A Randomised, Partly-blinded Investigation to Evaluate the Clinical Performance and Safety of pHyph in Adult Women With Bacterial Vaginosis Compared With an Untreated Control Group

Inclusion Criteria

• •1. Willing and able to give written informed consent for participation in the clinical investigation, and to comply with all clinical investigation requirements.
• •2. Adult, post-menarchal, pre-menopausal women aged 18 years or older.
• •3. Diagnosis of BV according to Amsel's criteria, defined as having at least 3 of the 4 following criteria:
• •* Thin, white, yellow, homogeneous discharge.
• •* Clue cells on microscopy (\>20% of epithelial cells).
• •* pH of vaginal fluid \>4.5.
• •* Release of "fishy odour", i.e., a positive "whiff test" when alkali (10% KOH solution) is added. This symptom must be present.
• •4. Negative urine pregnancy test at screening.
• •5. Willing to refrain from using any intravaginal products (e.g., contraceptive creams, gels, foams, sponges, lubricants or tampons, etc.) until Day 7 and the following 24 hours after each pHyph administration during weekly treatment.
• •6. Willing to use condoms during any sexual intercourse with a male sexual partner until the initial pHyph treatment is completes.
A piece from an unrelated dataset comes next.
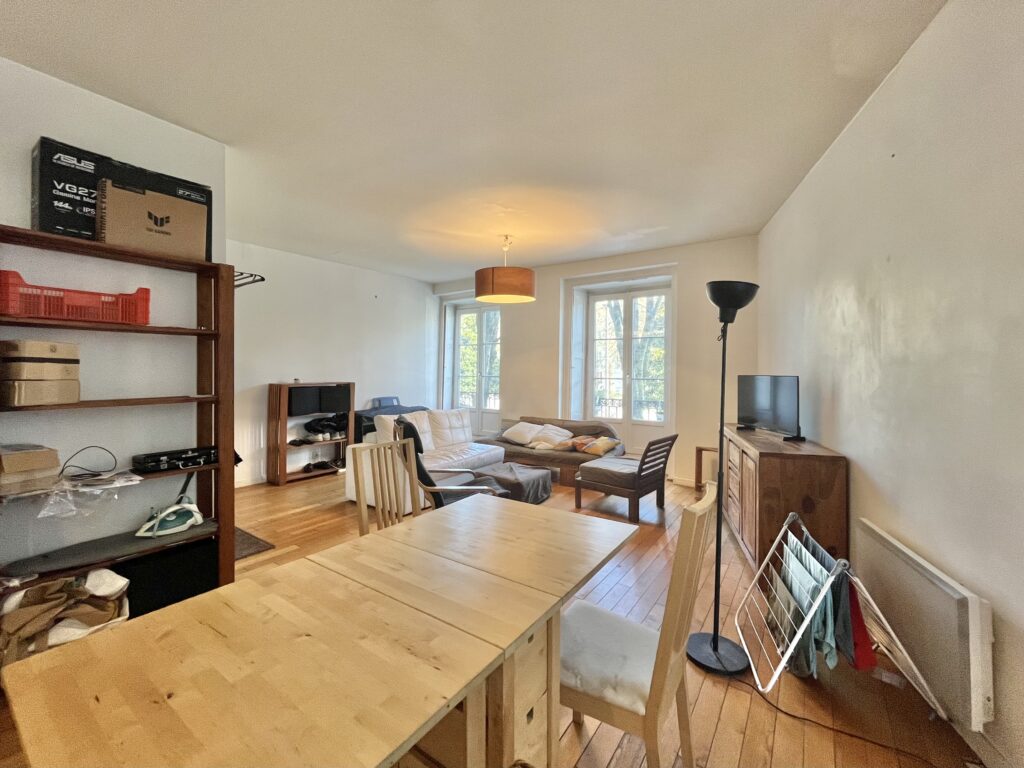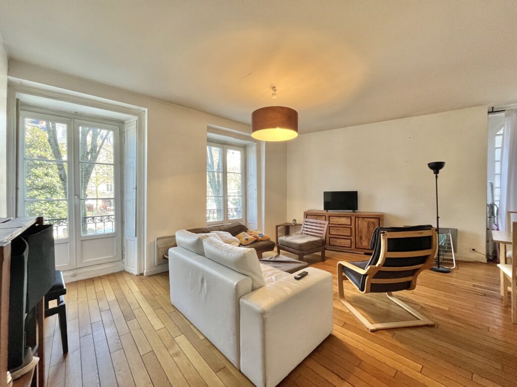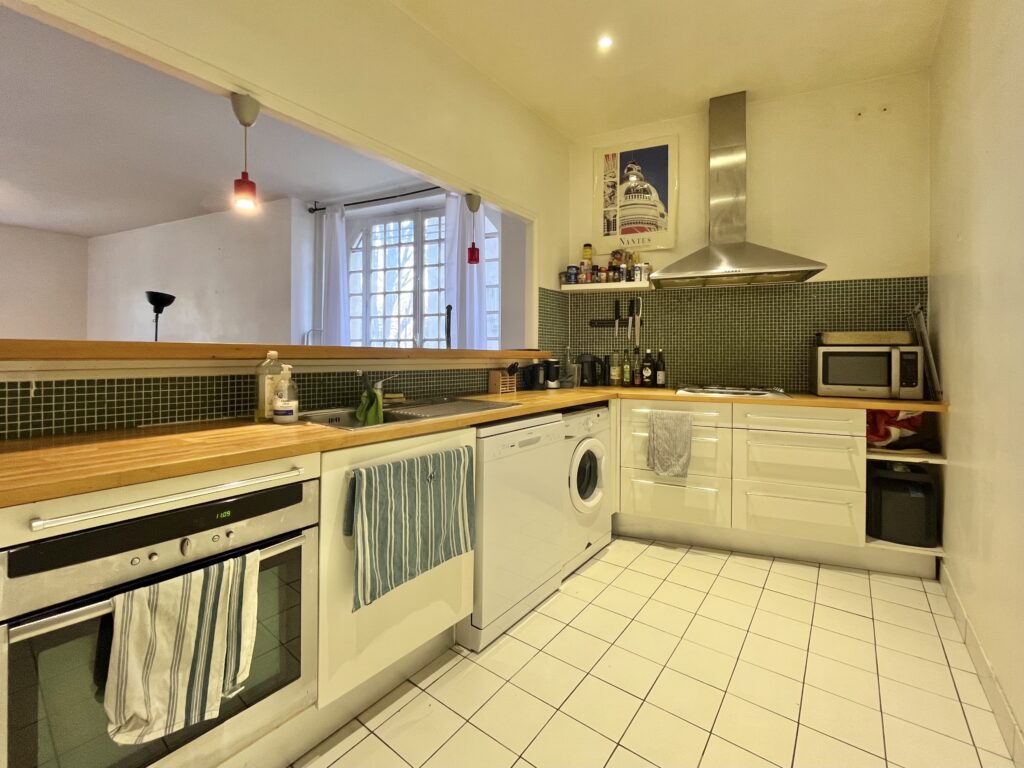 NANTES, hyper centre, donnant sur cour des 50 otages, au 2 rue Didienne, GRASLIN IMMOBILIER votre agence immobilière du centre-ville vous propose un grand T3 Meublé de 71m² à louer. Cette location est située au 1er étage d’un immeuble ancien, il se compose d’une grande pièce de vie en L sur parquet, d’une cuisine ouverte aménagée et équipée de plaques de cuisson, une hotte, un four, un lave-linge et un lave-vaisselle, un dégagement, deux chambres et une salle de bains avec baignoire attenante aux deux chambres et un wc séparé.
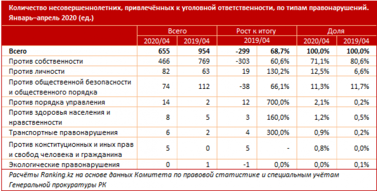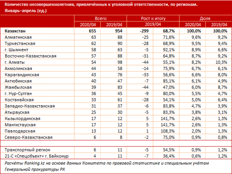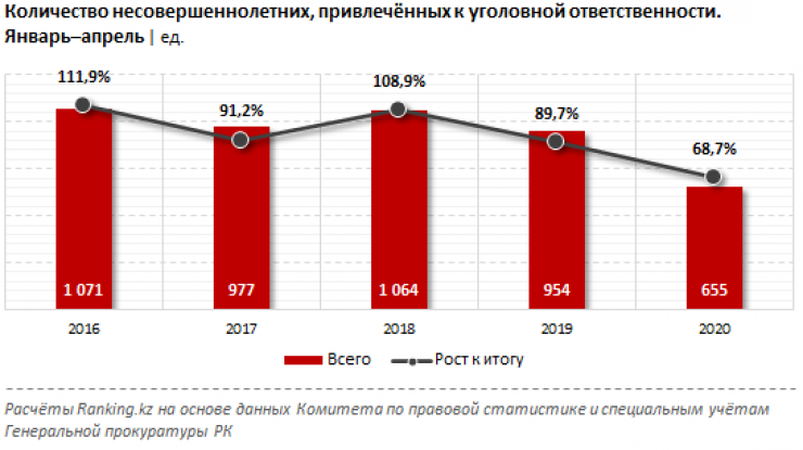 За январь – апрель 2020 года в Казахстане к уголовной ответственности привлекли 655 несовершеннолетних - на 31,3 процента меньше, чем годом ранее (954 случая). 82,6 процента из них достигли возраста 16-17 лет, еще 17,4 процента - в возрасте 14-15 лет. Из общего количества привлеченных к уголовной ответственности несовершеннолетних было 60 девушек. В январе – апреле 2019 года было 59 девушек, передает Tengrinews.kz со ссылкой на Ranking.kz

For patients starting with pHyph on Day 0, this means from Visit 1 (Day 0) until Visit 2 (Day 7). For patients that do not receive any treatment between Day 0 and Day 7, this means from Visit 1 (Day 0), and if they receive pHyph from Day 7, until their Visit 2 (Day 14).
• •7. Willing to use a method of contraception, e.g., condoms, hormonal contraception (oral, injectable, implantable, intravaginal, or transdermal), intrauterine device (IUD) or intrauterine hormone-releasing system (IUS), during any sexual intercourse that might result in pregnancy from Visit 2 (Day 7 or 14) until Visit 4 (70-77 days) to prevent pregnancy.